Clorice R. Reinhardt, Pengfei Li, Gyunghoon Kang, Joanne Stubbe, Catherine L. Drennan, Sharon Hammes-Schiffer

Research output: Contribution to journalArticlepeer-review

22 Scopus citations

Abstract

Ribonucleotide reductases (RNRs) catalyze the conversion of all four ribonucleotides to deoxyribonucleotides and are essential for DNA synthesis in all organisms. The active form of E. coli Ia RNR is composed of two homodimers that form the active α2β2 complex. Catalysis is initiated by long-range radical translocation over a ∼32 Å proton-coupled electron transfer (PCET) pathway involving Y356β and Y731α at the interface. Resolving the PCET pathway at the α/β interface has been a long-standing challenge due to the lack of structural data. Herein, molecular dynamics simulations based on a recently solved cryogenic-electron microscopy structure of an active α2β2 complex are performed to examine the structure and fluctuations of interfacial water, as well as the hydrogen-bonding interactions and conformational motions of interfacial residues along the PCET pathway. Our free energy simulations reveal that Y731 is able to sample both a flipped-out conformation, where it points toward the interface to facilitate interfacial PCET with Y356, and a stacked conformation with Y730 to enable collinear PCET with this residue. Y356 and Y731 exhibit hydrogen-bonding interactions with interfacial water molecules and, in some conformations, share a bridging water molecule, suggesting that the primary proton acceptor for PCET from Y356 and from Y731 is interfacial water.

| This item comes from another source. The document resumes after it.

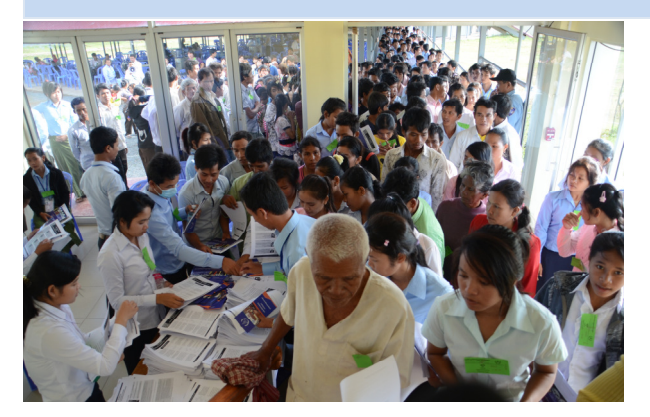
Visitors enter the court.

It is like a tree, it starts from the trunk then the branches will be what the trunk provides. [The Accused] were the trunk, so they designed the branches. They cannot blame the branches. The trunk comes first, then the branches come later. They cannot blame the lower ranking ones.

The conformational flexibility of Y731 and the hydrogen-bonding interactions of both Y731 and Y356 with interfacial water and hydrogen-bonded water chains appear critical for effective radical translocation along the PCET pathway. These simulations are consistent with biochemical and spectroscopic data and provide previously unattainable atomic-level insights into the fundamental mechanism of RNR.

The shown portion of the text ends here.